Provided data ▸

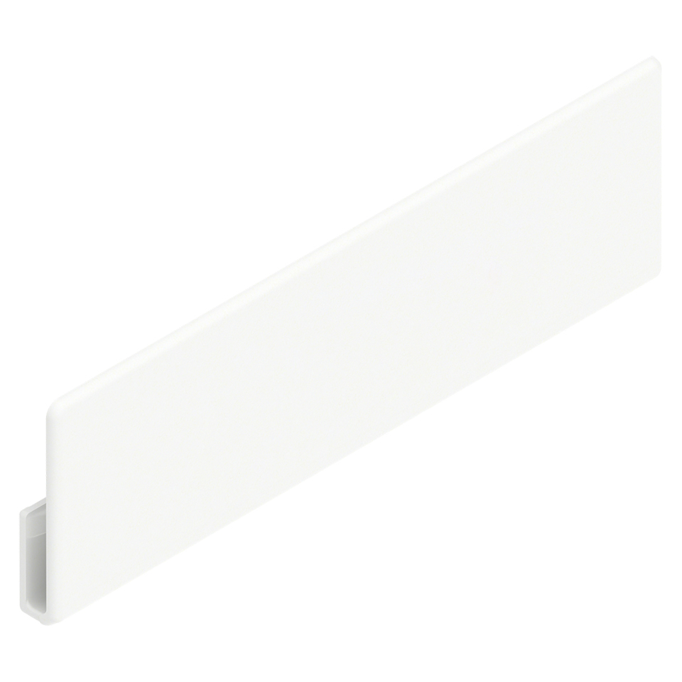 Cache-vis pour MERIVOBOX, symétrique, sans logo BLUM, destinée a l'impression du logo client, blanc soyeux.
...
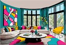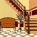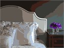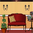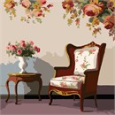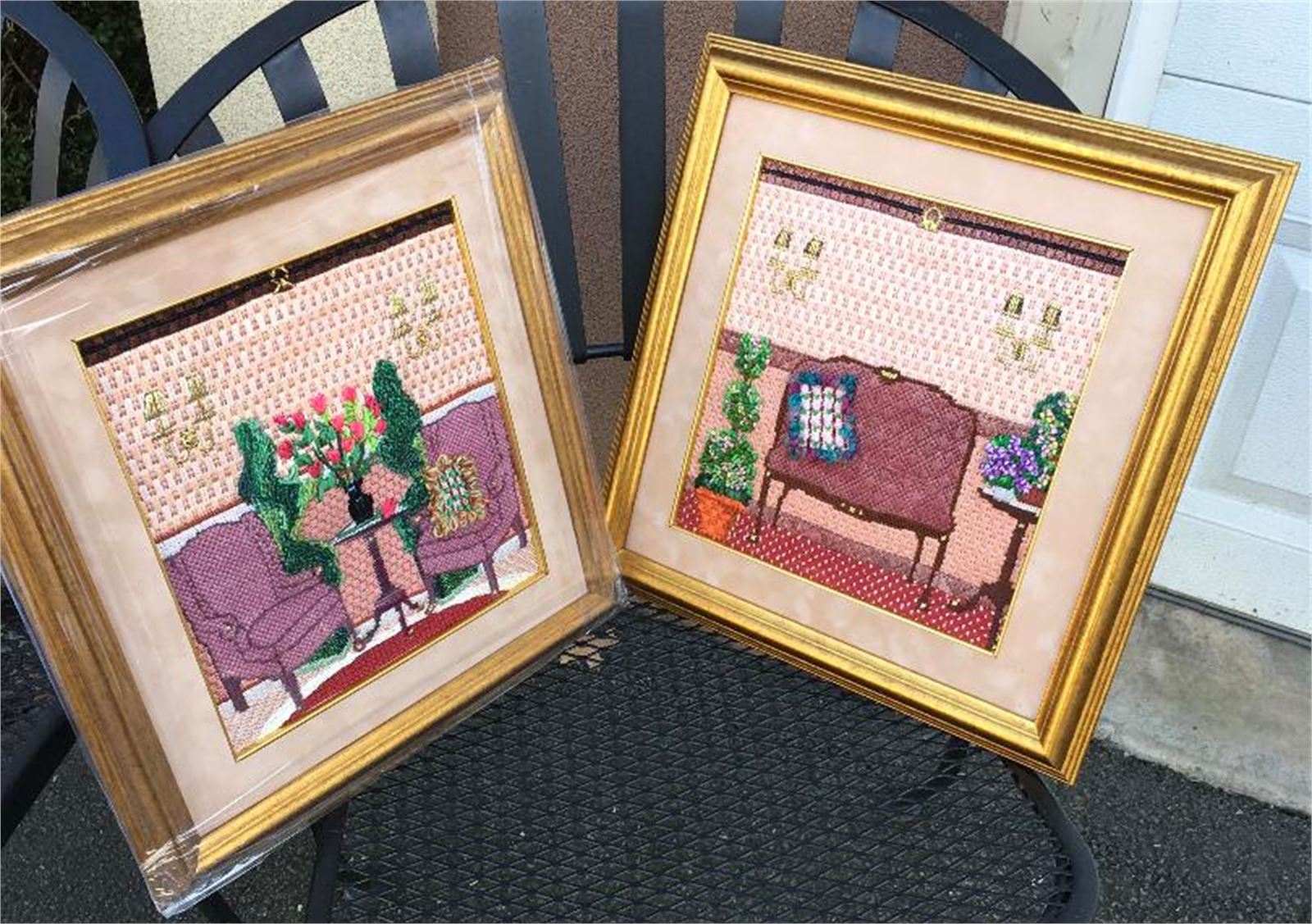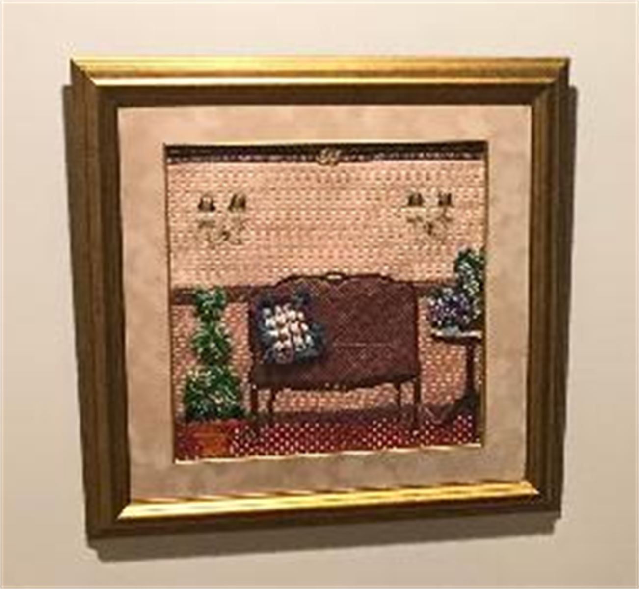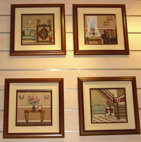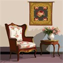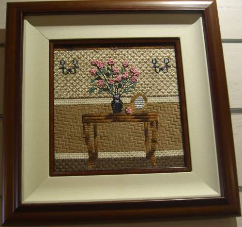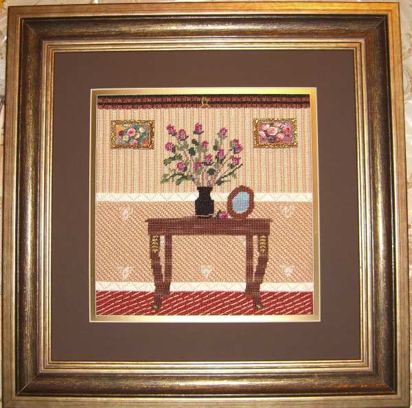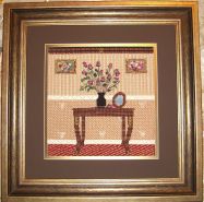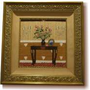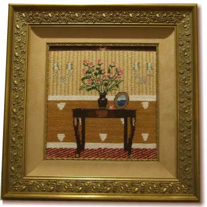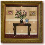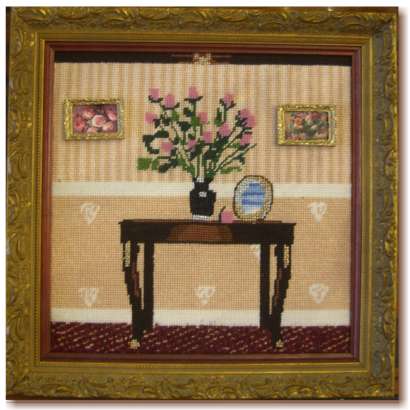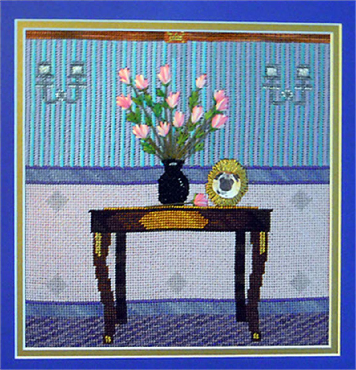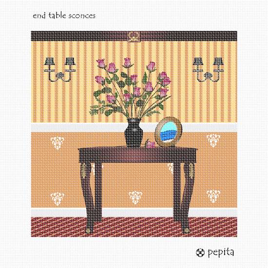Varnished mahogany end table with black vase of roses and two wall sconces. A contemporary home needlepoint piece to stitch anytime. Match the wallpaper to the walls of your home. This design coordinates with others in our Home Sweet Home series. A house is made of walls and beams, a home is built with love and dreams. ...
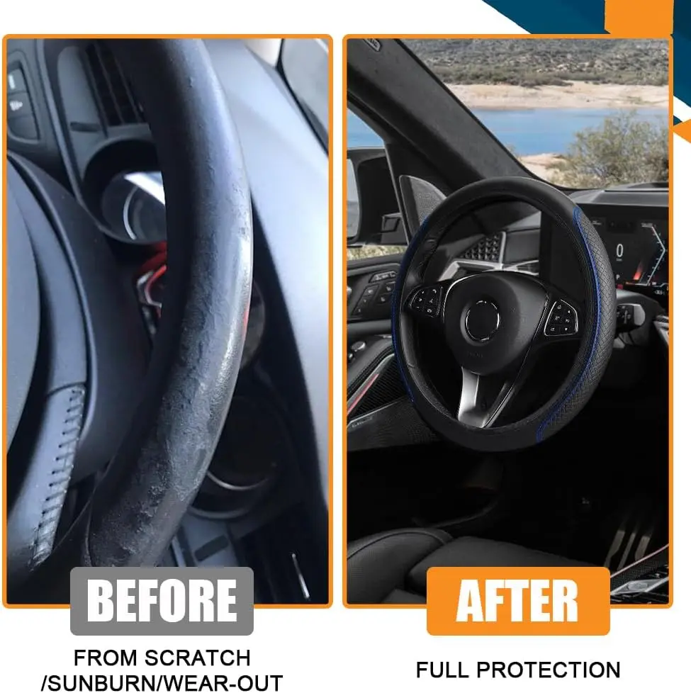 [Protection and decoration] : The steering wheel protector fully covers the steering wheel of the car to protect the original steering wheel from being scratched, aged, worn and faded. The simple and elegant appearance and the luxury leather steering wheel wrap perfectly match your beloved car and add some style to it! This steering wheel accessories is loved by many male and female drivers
---
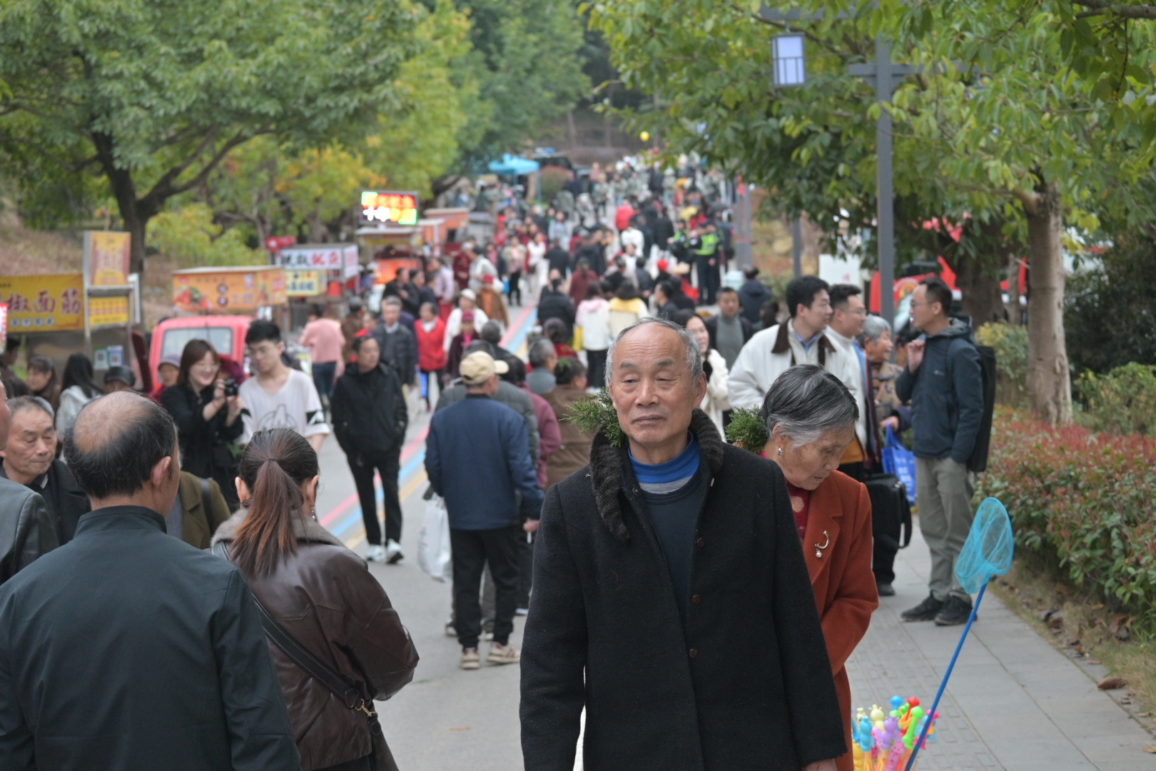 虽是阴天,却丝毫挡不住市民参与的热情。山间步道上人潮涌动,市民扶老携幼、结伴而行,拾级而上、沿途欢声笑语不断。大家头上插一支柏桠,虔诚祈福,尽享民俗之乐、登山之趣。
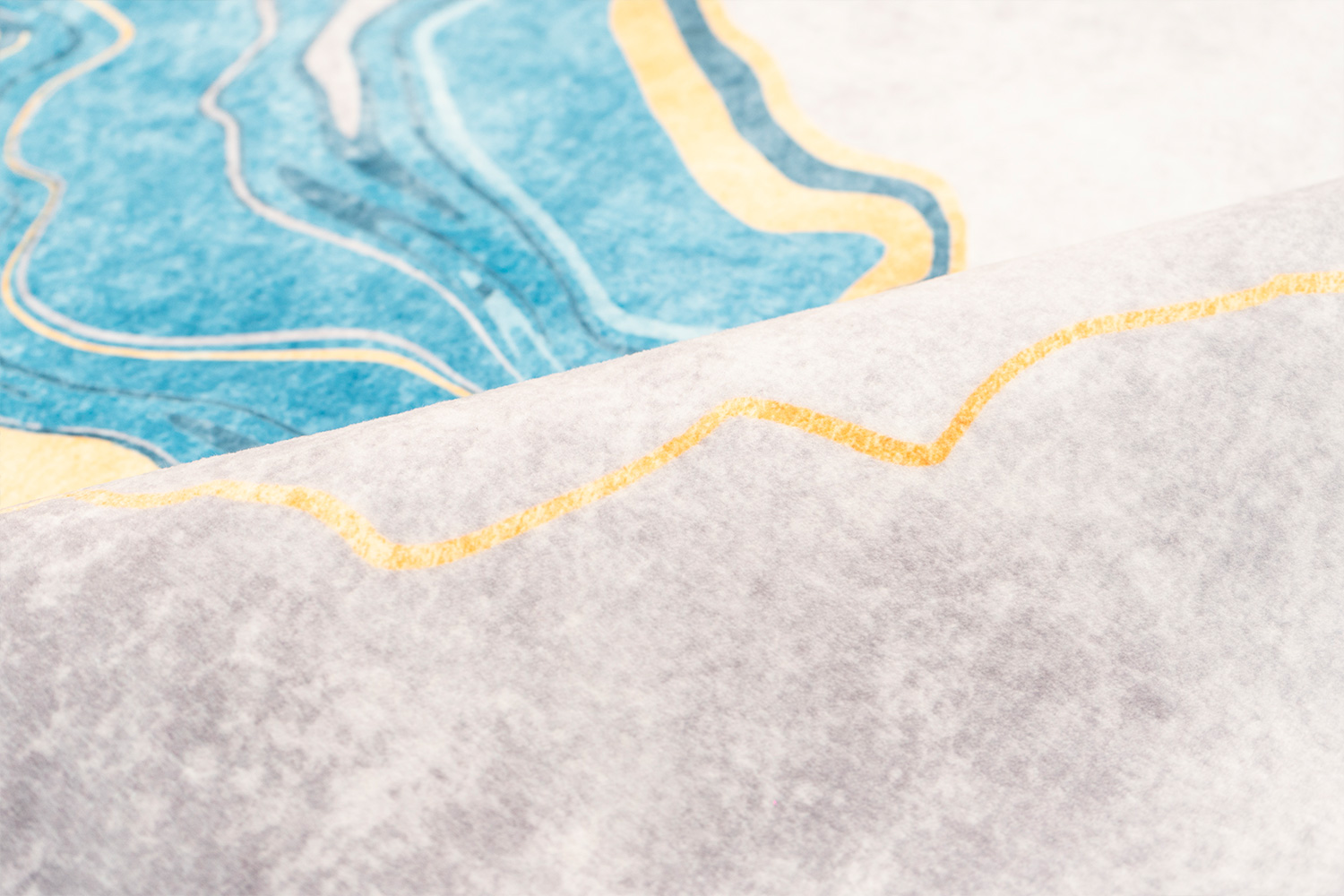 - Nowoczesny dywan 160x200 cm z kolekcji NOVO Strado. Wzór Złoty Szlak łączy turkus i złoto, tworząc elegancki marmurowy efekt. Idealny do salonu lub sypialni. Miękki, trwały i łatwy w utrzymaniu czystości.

Aim of the exercise ▸
The result should be an exact copy of only the lines above from the one that holds "虽是阴天,却丝毫挡不住市民参" through the one that holds "- Nowoczesny dywan", both ends included, without pictures.

Reply to the task ▸
 虽是阴天,却丝毫挡不住市民参与的热情。山间步道上人潮涌动,市民扶老携幼、结伴而行,拾级而上、沿途欢声笑语不断。大家头上插一支柏桠,虔诚祈福,尽享民俗之乐、登山之趣。
 - Nowoczesny dywan 160x200 cm z kolekcji NOVO Strado. Wzór Złoty Szlak łączy turkus i złoto, tworząc elegancki marmurowy efekt. Idealny do salonu lub sypialni. Miękki, trwały i łatwy w utrzymaniu czystości.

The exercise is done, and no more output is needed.